**Task details:** Word for word, restate the data that follows, omitting the images.

[Stored data]
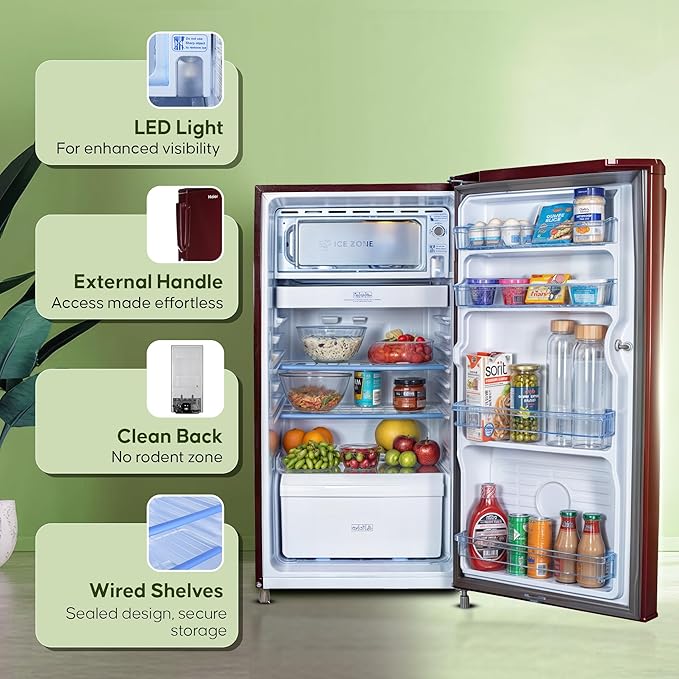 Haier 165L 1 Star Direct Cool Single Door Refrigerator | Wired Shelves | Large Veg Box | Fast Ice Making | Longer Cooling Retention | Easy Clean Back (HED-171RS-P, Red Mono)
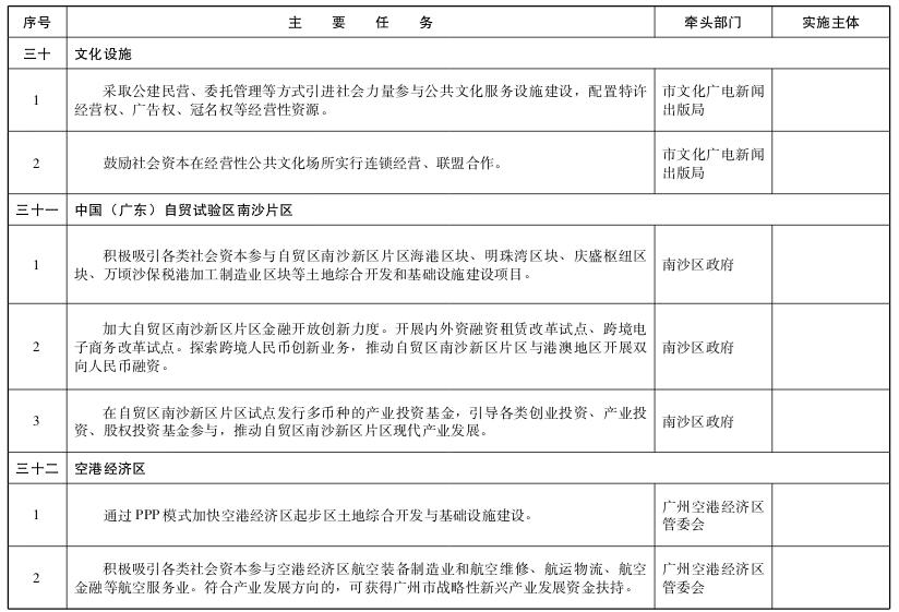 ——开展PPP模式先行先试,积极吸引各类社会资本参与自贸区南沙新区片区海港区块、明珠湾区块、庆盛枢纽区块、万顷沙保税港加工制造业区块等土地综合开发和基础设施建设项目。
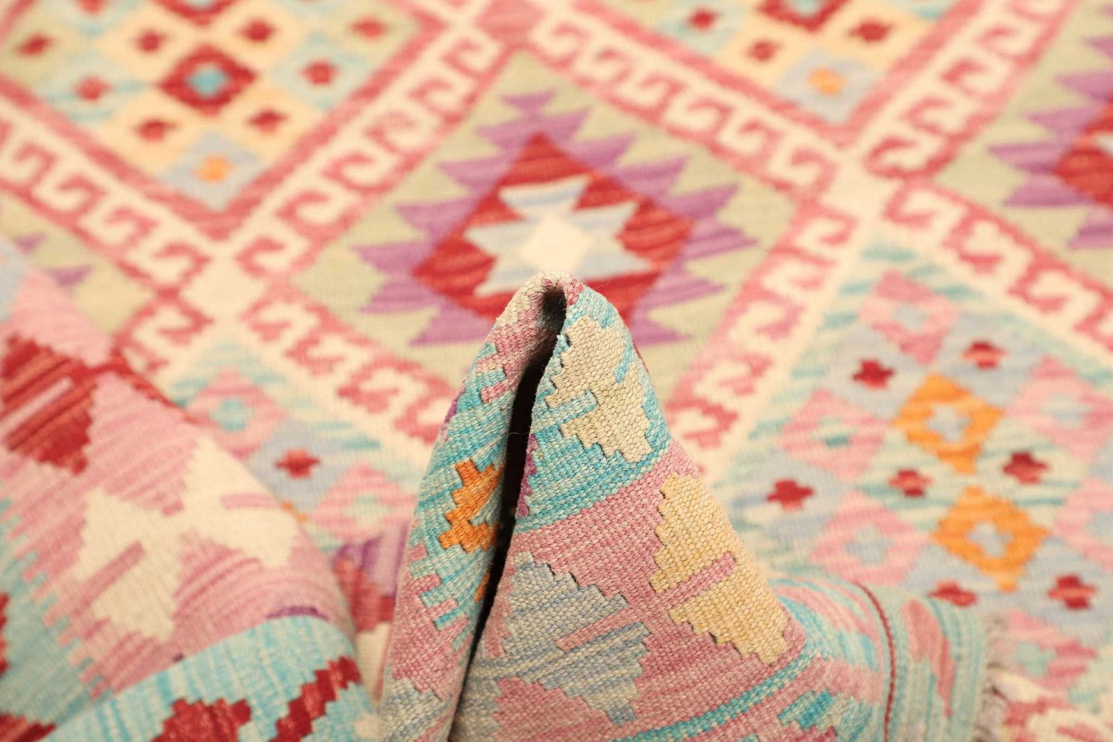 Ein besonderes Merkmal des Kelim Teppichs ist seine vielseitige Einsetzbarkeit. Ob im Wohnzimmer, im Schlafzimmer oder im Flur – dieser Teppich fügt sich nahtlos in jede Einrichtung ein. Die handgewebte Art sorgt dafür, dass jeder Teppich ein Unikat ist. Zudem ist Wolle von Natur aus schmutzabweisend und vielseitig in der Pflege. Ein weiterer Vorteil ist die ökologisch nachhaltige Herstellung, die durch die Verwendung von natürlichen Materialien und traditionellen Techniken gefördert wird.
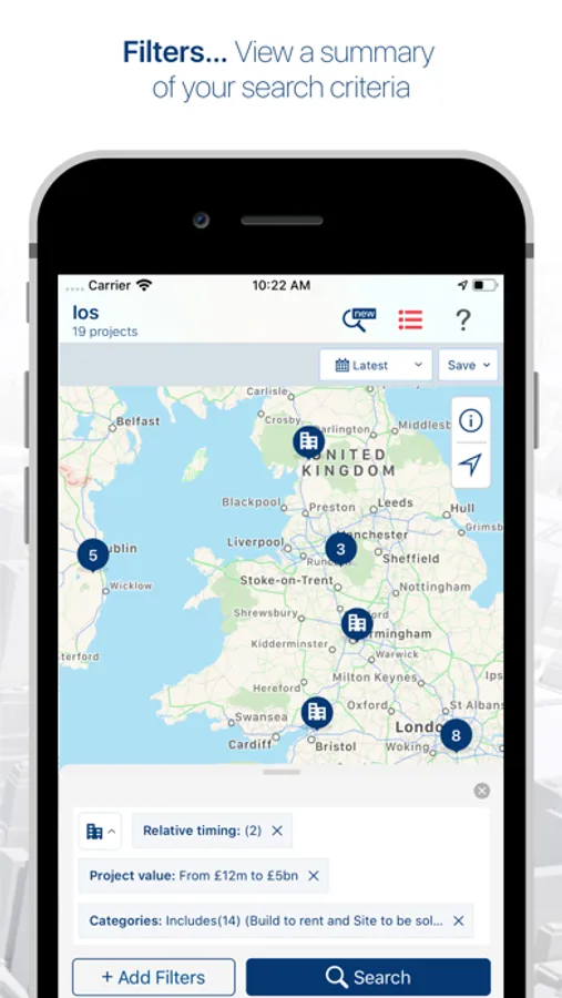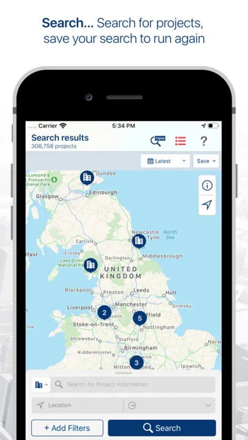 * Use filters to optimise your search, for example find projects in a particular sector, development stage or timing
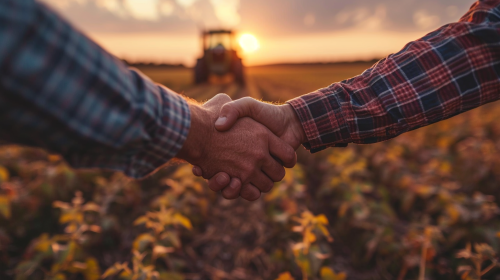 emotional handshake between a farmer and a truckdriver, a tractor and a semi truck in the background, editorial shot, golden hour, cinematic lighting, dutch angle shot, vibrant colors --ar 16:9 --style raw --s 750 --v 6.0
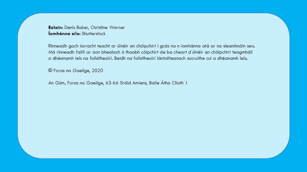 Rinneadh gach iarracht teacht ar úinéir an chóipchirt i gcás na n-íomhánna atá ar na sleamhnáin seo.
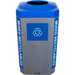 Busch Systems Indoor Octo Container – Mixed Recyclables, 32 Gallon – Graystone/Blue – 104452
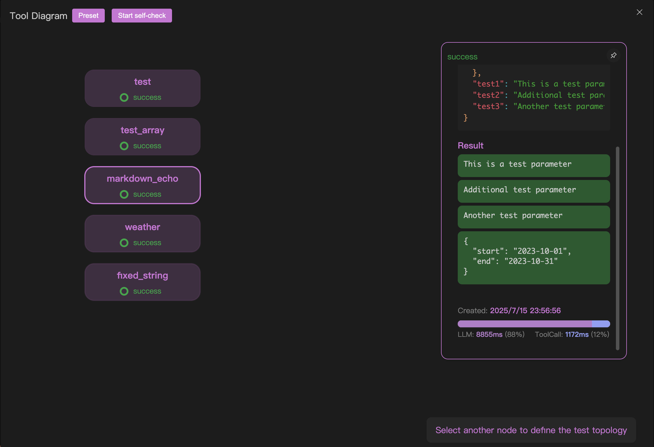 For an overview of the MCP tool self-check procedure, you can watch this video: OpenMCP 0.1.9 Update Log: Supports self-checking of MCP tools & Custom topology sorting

**Solved exercise:**
 Haier 165L 1 Star Direct Cool Single Door Refrigerator | Wired Shelves | Large Veg Box | Fast Ice Making | Longer Cooling Retention | Easy Clean Back (HED-171RS-P, Red Mono)
 ——开展PPP模式先行先试,积极吸引各类社会资本参与自贸区南沙新区片区海港区块、明珠湾区块、庆盛枢纽区块、万顷沙保税港加工制造业区块等土地综合开发和基础设施建设项目。
 Ein besonderes Merkmal des Kelim Teppichs ist seine vielseitige Einsetzbarkeit. Ob im Wohnzimmer, im Schlafzimmer oder im Flur – dieser Teppich fügt sich nahtlos in jede Einrichtung ein. Die handgewebte Art sorgt dafür, dass jeder Teppich ein Unikat ist. Zudem ist Wolle von Natur aus schmutzabweisend und vielseitig in der Pflege. Ein weiterer Vorteil ist die ökologisch nachhaltige Herstellung, die durch die Verwendung von natürlichen Materialien und traditionellen Techniken gefördert wird.
 * Use filters to optimise your search, for example find projects in a particular sector, development stage or timing
 emotional handshake between a farmer and a truckdriver, a tractor and a semi truck in the background, editorial shot, golden hour, cinematic lighting, dutch angle shot, vibrant colors --ar 16:9 --style raw --s 750 --v 6.0
 Rinneadh gach iarracht teacht ar úinéir an chóipchirt i gcás na n-íomhánna atá ar na sleamhnáin seo.
 Busch Systems Indoor Octo Container – Mixed Recyclables, 32 Gallon – Graystone/Blue – 104452
 For an overview of the MCP tool self-check procedure, you can watch this video: OpenMCP 0.1.9 Update Log: Supports self-checking of MCP tools & Custom topology sorting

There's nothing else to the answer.